Verification of Key Steps

The critical step is the downward path selection in the tree. To verify, consider an extreme tree with one branch of 999 nodes and the remaining nodes as single leaves. Starting at the root, $s(\text{root})=1000>667$. Its largest child subtree has $999$ nodes, exceeding $667$, so we move there. The parent’s subtree was $1000$; subtracting the sibling gives $1000 - 1 = 999$, still exceeding $667$. Continue until reaching the node with $s(v)=667$, which exists because subtracting each sibling (at least one node) reduces the size by one each step. Testing smaller trees confirms the argument: the path always reaches a node with size between $n/3$ and $2n/3$. The integer rounding to $334$ ensures the minimal subtree satisfies the lower bound.

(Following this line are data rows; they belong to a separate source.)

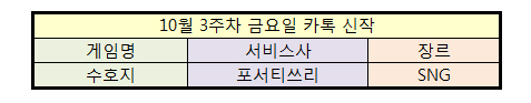 10월 3주차 금요일 카카오 게임하기 플랫폼을 통해 출시된 신작은 SNG(사회관계망게임) 1종 뿐이다. 네시삼십삼분의 '수호지 for Kakao(이하 수호지)'만 단독으로 선보인 것.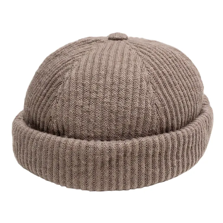肌触りの良いニット素材のフィッシャーマンキャップ。太畝のコーデュロイのようなリブ編み。アジャスターは本革を使用。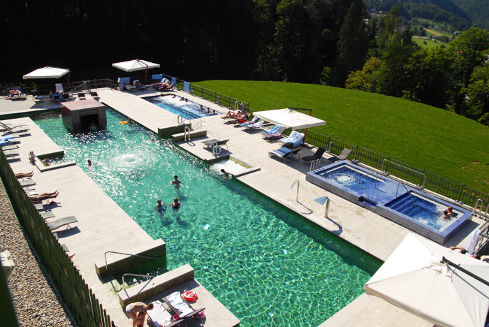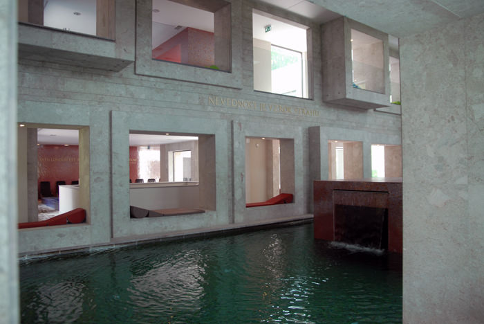 Bazen ima toplo vodo – 31 stopinj, ki je zdravilna (itak). Tudi notranji bazen je velik in komaj čakam, da si grem vse skupaj ogledati ponoči.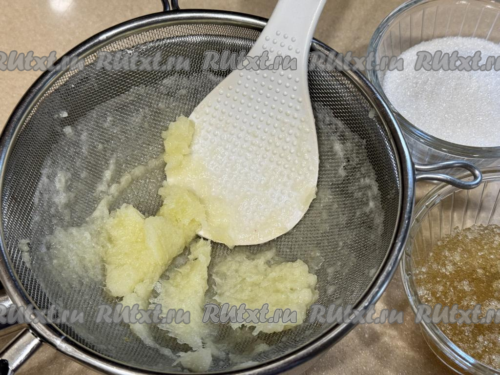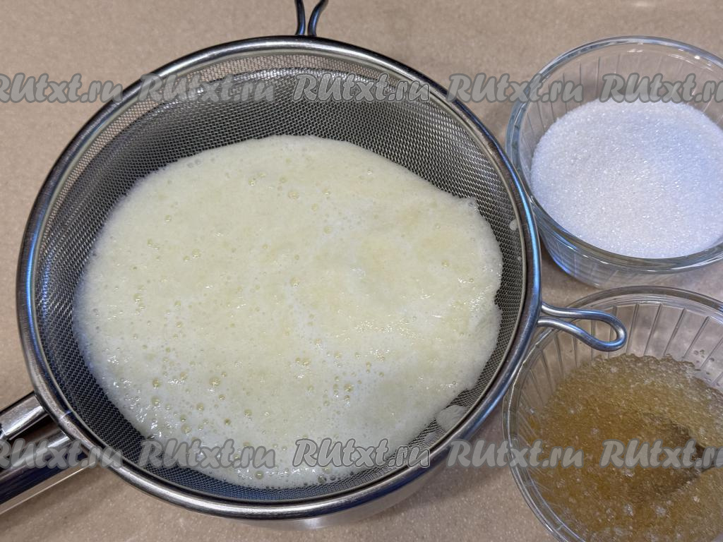 В результате перетирания в сите останется жмых, который нам не понадобится. А в кастрюле будет процеженное однородное пюре из дыни.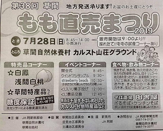 『第38回草間もも直売まつり2019』のご案内です。お出かけください。新見市草間の桃は、うまいで~ぇ!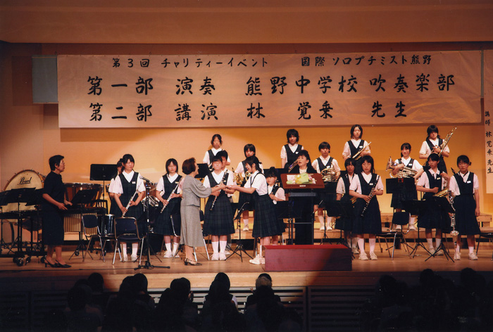 チャリティーイベントの演奏後 熊野中学校吹奏楽部に金一封を贈呈致しました。

Another delicate step is ensuring the subtree size includes the node itself, which guarantees the counting argument works and prevents off-by-one errors.

Alternative Approaches

An alternative approach is to apply a general combinatorial lemma stating that every finite rooted tree has a centroid node whose removal splits the tree into components of at most half the total size. Adapting this to the one-third threshold gives the desired result, but it relies on a heavier theorem from graph theory. The main approach, a simple downward path argument, is preferable because it uses only elementary counting of subtree sizes, is constructive, and avoids invoking general graph-theoretic results.